Division of Fractions Practice Problems and Solutions

When we approach solving such questions, we need to know the rule of dividing fractions,

When we need to divide a fraction by a fraction, we use the method of multiplying by the reciprocal.

This means we flip the numerator and denominator of the second fraction, and then perform fraction multiplication.

Instead of:

1/4 : 1/2 =

We get:

1/4 * 2/1 =

We'll remember that in fraction multiplication we multiply numerator by numerator and denominator by denominator

1*2 / 4*1 =
2/4 =

We'll reduce the fraction and get:

1/2

To solve the division of the fractions $\frac{1}{9}$ and $\frac{1}{3}$, we'll employ the method of "invert and multiply":

• Step 1: Identify the reciprocal of the divisor. The divisor is $\frac{1}{3}$, and its reciprocal is $\frac{3}{1}$.
• Step 2: Convert the division into a multiplication. Therefore, $\frac{1}{9} \div \frac{1}{3}$ becomes $\frac{1}{9} \times \frac{3}{1}$.
• Step 3: Carry out the multiplication of the two fractions.
  $\frac{1}{9} \times \frac{3}{1} = \frac{1 \times 3}{9 \times 1} = \frac{3}{9}$.
• Step 4: Simplify the resulting fraction.
  $\frac{3}{9}$ simplifies to $\frac{1}{3}$ by dividing both the numerator and the denominator by their greatest common divisor, which is 3.

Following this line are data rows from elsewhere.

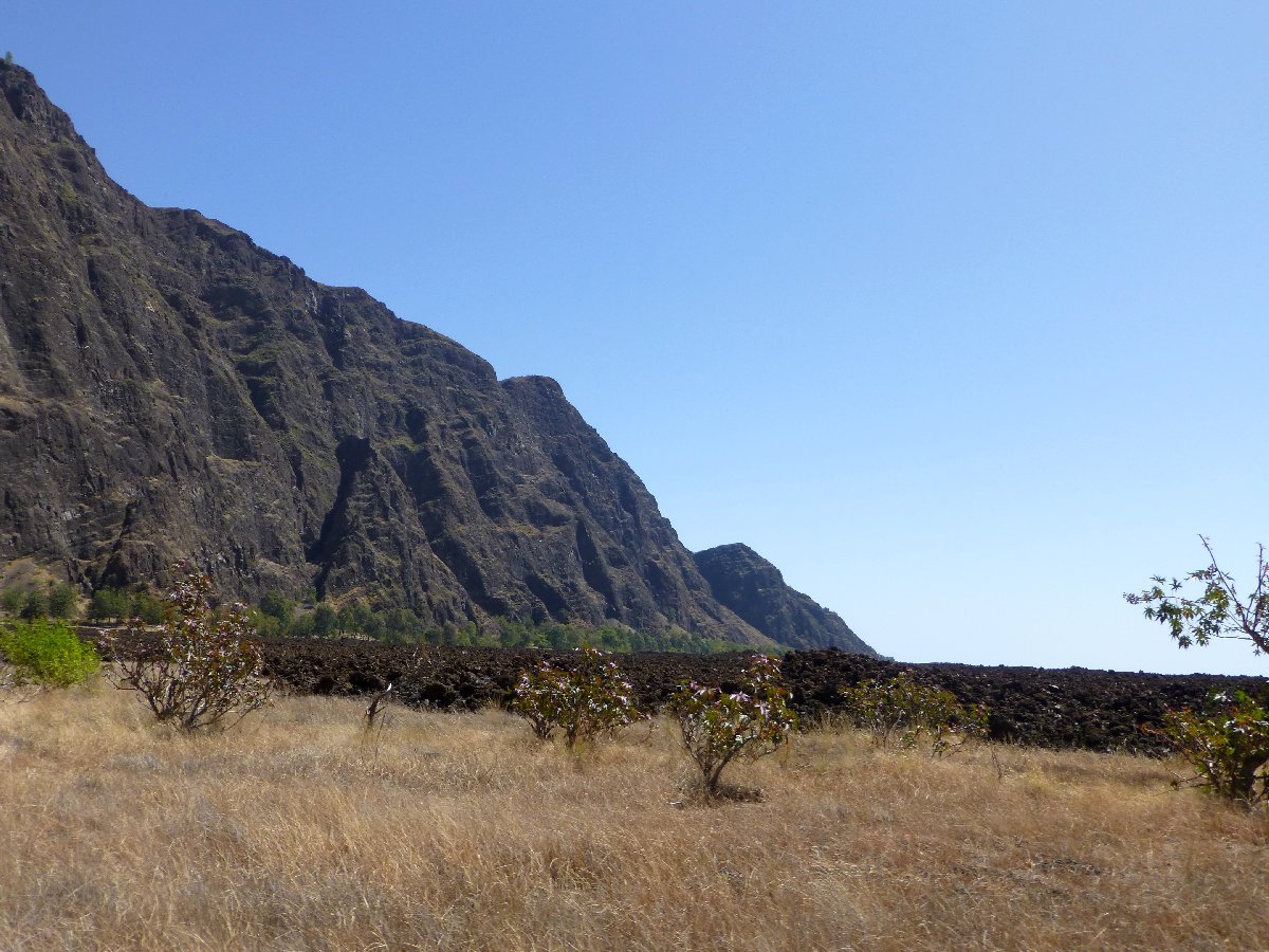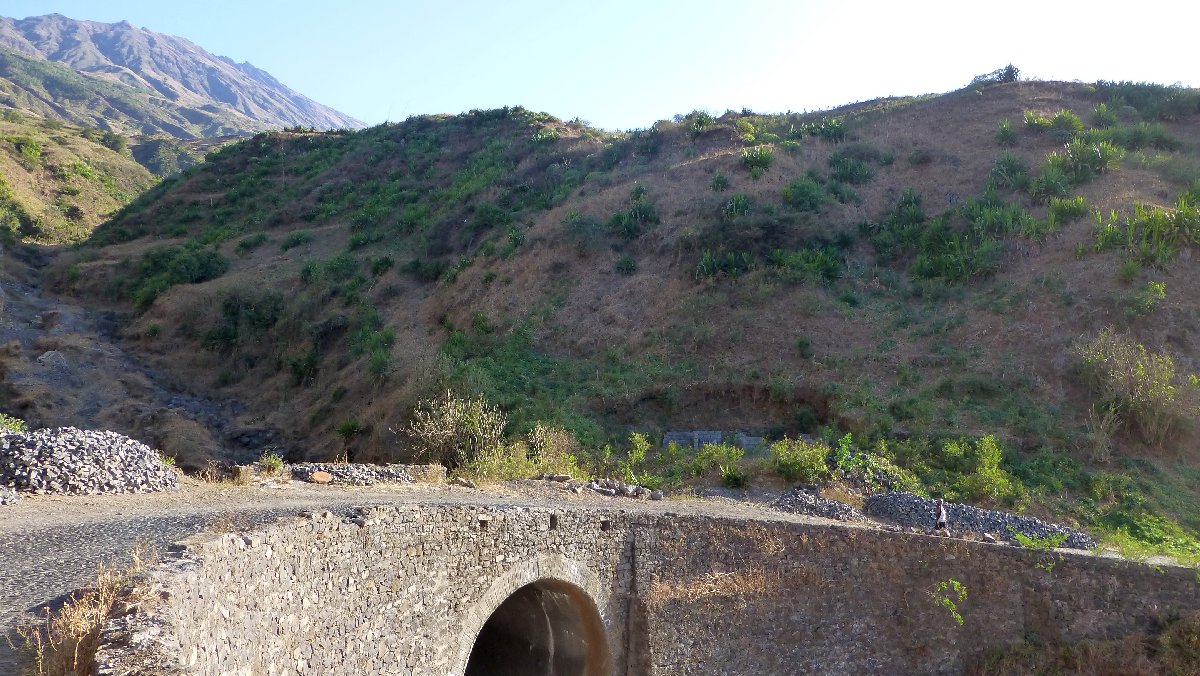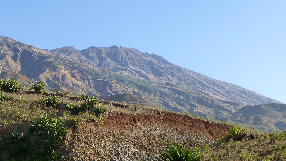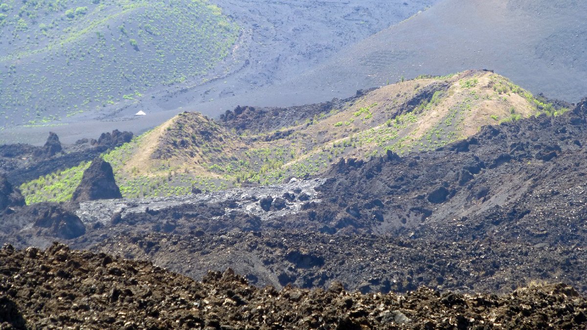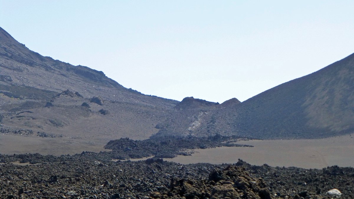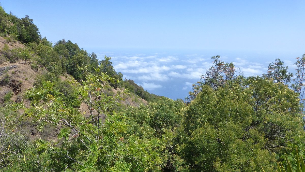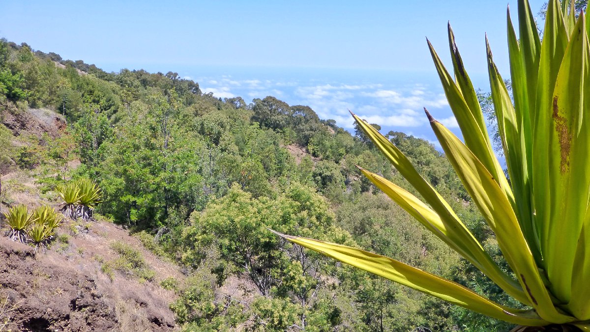 direkt unterhalb der Caldera wird es auf der Nordseite grüner, hier steigen Passatwind auf und Wolken bilden sich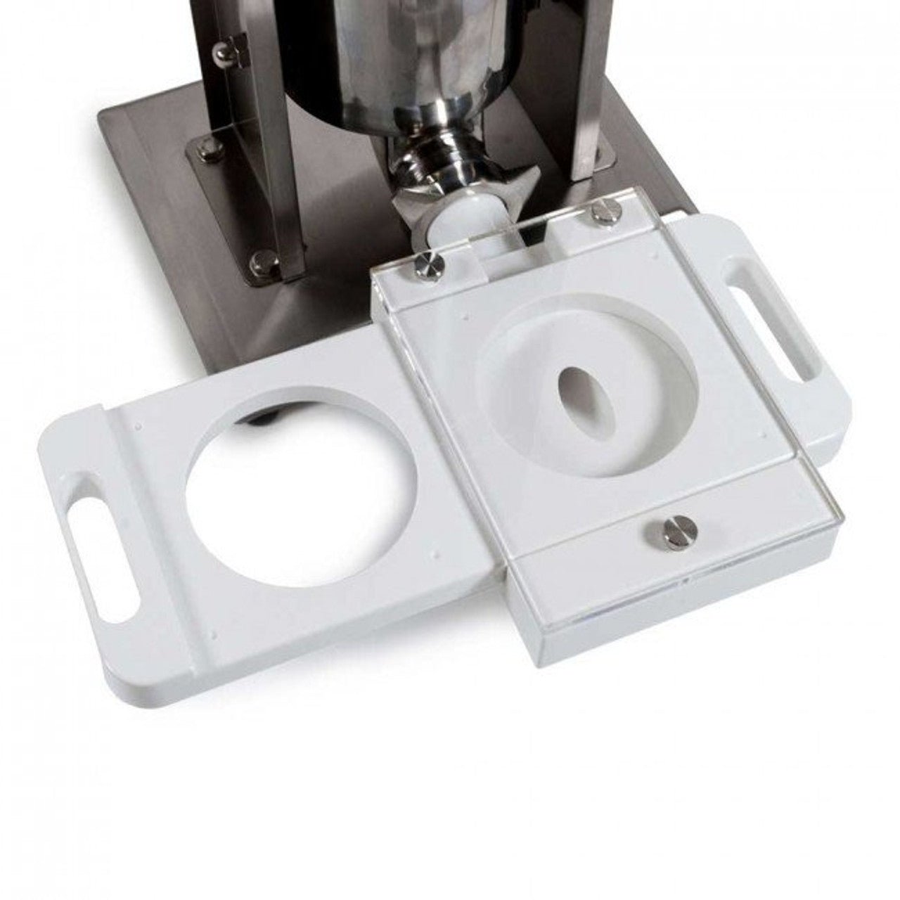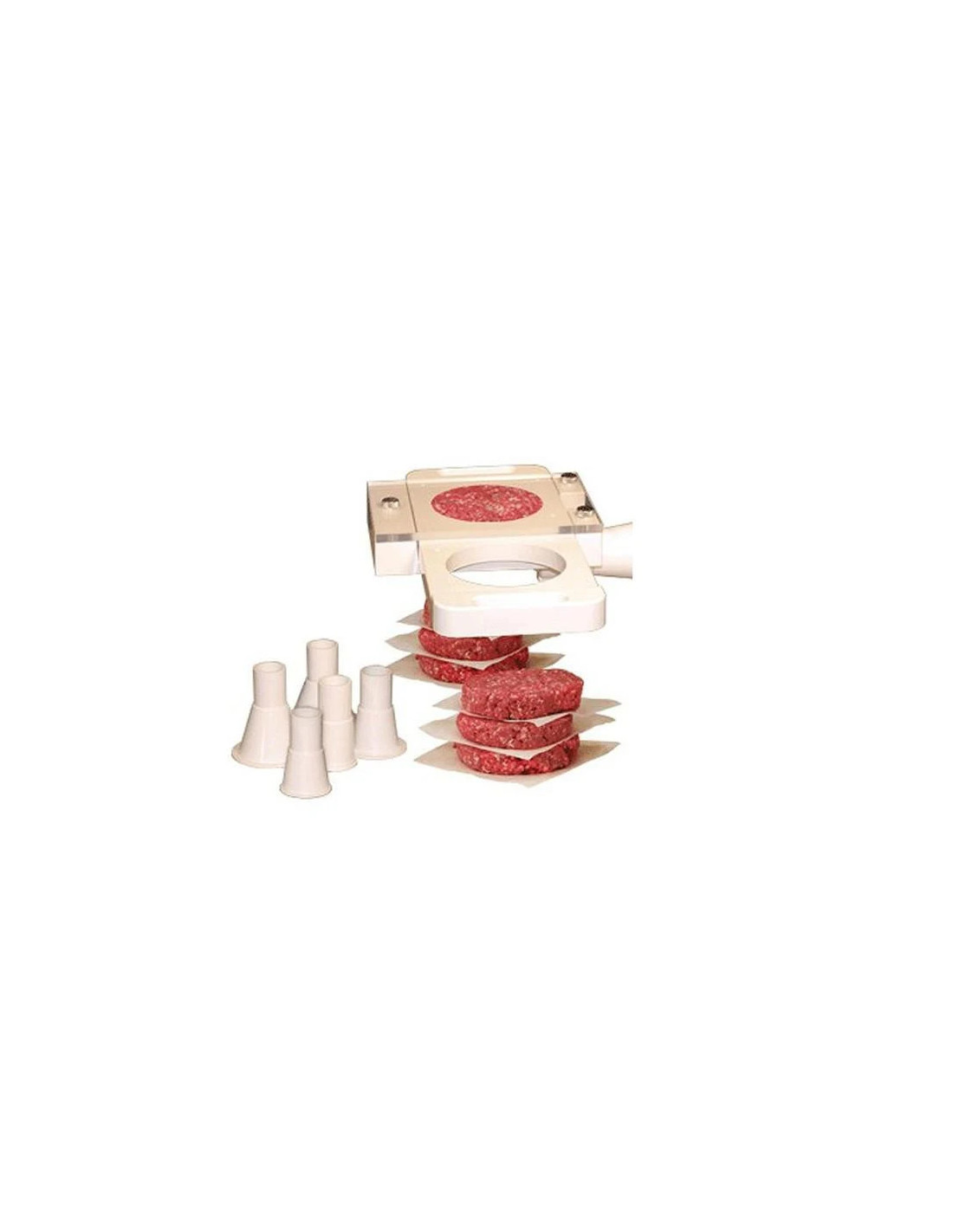 Detta tillbehör fästs på framsidan av din köttkvarn och formar automatiskt perfekta, enhetliga hamburgare. Det är ett effektivt sätt att göra många hamburgare snabbt och hygieniskt.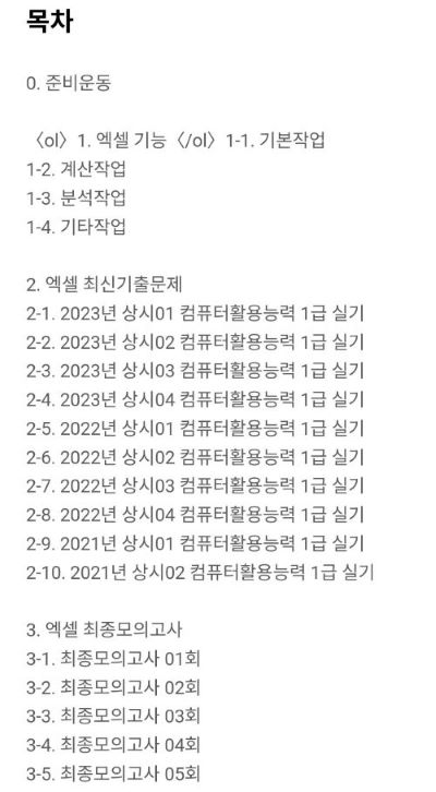 ↳ (2024 시나공 컴퓨터활용능력 1급 실기 총정리 엑셀부분 목차)총정리의 목차에 "계산작업" 부분이 있어 이 부분에 대해 문의를 남겼었습니다.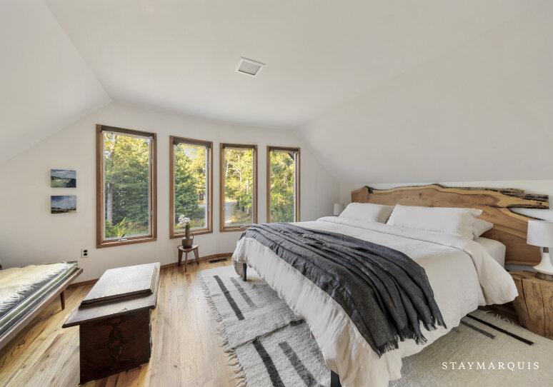 The home’s three bedrooms and two full bathrooms are thoughtfully designed to offer comfort and tranquility. On the main level, one bedroom features a king bed and another a double bed, sharing a beautifully appointed bathroom. Upstairs, the third bedroom provides another king bed and a comfortable sitting area, accompanied by a second full bathroom. Each space feels light, airy, and relaxing—decorated in a chic, coastal-inspired style with fresh linens and calming tones.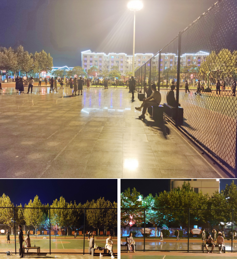 淮海職工休閑體育運動廣場是農場社區職工居民最活躍的健身場所,為了把關愛體現在民生需求上,農場社區在建設好10000平方米安全配套健身設施的同時,還以小事入手,陸續在廣場上配置了封閉式的籃球場網框、掛衣架、自助式冷藏式飲料機。同時在廣場配置有橢圓形大理石條椅、四周4張木質條椅的同時,還在運動場地上配置了4張長椅,極大地滿足了大家健身和中途休息的需要。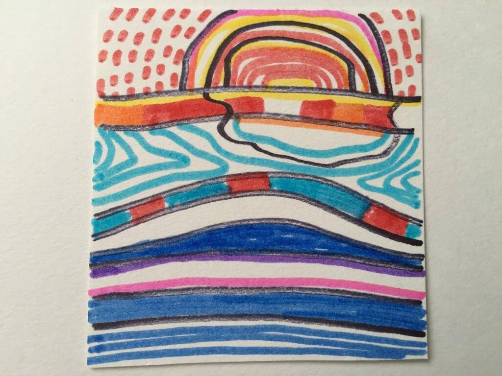 まずは小さい画用紙に、沢山模様を描いてみましょう。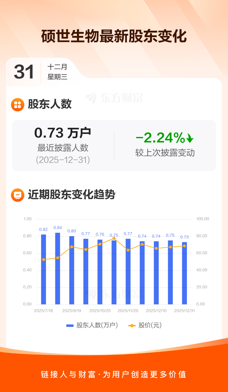 硕世生物:截至12月31日最新股东户数7302户,较上期减少2.24%

Therefore, the solution to the problem $\frac{1}{9} \div \frac{1}{3}$ is $\frac{1}{3}$.

To solve the fraction division $\frac{8}{9} \div \frac{2}{3}$, follow these steps:

• Step 1: Identify the given fractions $\frac{8}{9}$ and $\frac{2}{3}$.
• Step 2: Find the reciprocal of the second fraction. The reciprocal of $\frac{2}{3}$ is $\frac{3}{2}$.
• Step 3: Multiply the first fraction by the reciprocal of the second fraction: $\frac{8}{9} \times \frac{3}{2}$.
• Step 4: Perform the multiplication: multiply the numerators together and the denominators together.

Let's compute the multiplication:

$\frac{8}{9} \times \frac{3}{2} = \frac{8 \times 3}{9 \times 2} = \frac{24}{18}$

Step 5: Simplify the resulting fraction $\frac{24}{18}$.

To simplify, find the greatest common divisor (GCD) of 24 and 18, which is 6. Divide both the numerator and the denominator by 6:

$\frac{24}{18} = \frac{24 \div 6}{18 \div 6} = \frac{4}{3}$

Step 6: If necessary, convert the improper fraction to a mixed number.

Since $\frac{4}{3}$ is an improper fraction, it can be converted to a mixed number:

$\frac{4}{3} = 1 \frac{1}{3}$

Therefore, the solution to the problem $\frac{8}{9} : \frac{2}{3}$ is $1 \frac{1}{3}$.

To solve this problem, we'll break it into these manageable steps:

• Step 1: Identify the fractions:
  $\frac{3}{4}$ and $\frac{1}{2}$.
• Step 2: Find the reciprocal of the second fraction:
• The reciprocal of $\frac{1}{2}$ is $\frac{2}{1}$.
• Step 3: Change the division into multiplication:
• $\frac{3}{4} \div \frac{1}{2}$ becomes $\frac{3}{4} \times \frac{2}{1}$.
• Step 4: Multiply the numerators and the denominators:
• Numerator: $3 \times 2 = 6$
• Denominator: $4 \times 1 = 4$
• So, $\frac{3}{4} \times \frac{2}{1} = \frac{6}{4}$.
• Step 5: Simplify the fraction:
• $\frac{6}{4} = \frac{3}{2}$, since dividing numerator and denominator by 2 gives $\frac{3}{2}$.
• Step 6: Convert the fraction to a mixed number:
• $\frac{3}{2}$ can be written as the mixed number $1\frac{1}{2}$.

Therefore, the result of the division is $1\frac{1}{2}$.

To solve the division of fractions problem $\frac{1}{6} \div \frac{1}{3}$, we'll apply the concept of multiplying by the reciprocal.

• Step 1: Identify the reciprocal of the second fraction. The reciprocal of $\frac{1}{3}$ is $\frac{3}{1}$.
• Step 2: Multiply the first fraction by this reciprocal. Therefore, calculate $\frac{1}{6} \times \frac{3}{1}$.
• Step 3: Perform the multiplication. Multiply the numerators: $1 \times 3 = 3$. Multiply the denominators: $6 \times 1 = 6$.
• Step 4: Simplify the resulting fraction. The fraction $\frac{3}{6}$ simplifies to $\frac{1}{2}$ because both the numerator and denominator can be divided by 3.

Therefore, the solution to the problem is $\frac{1}{2}$.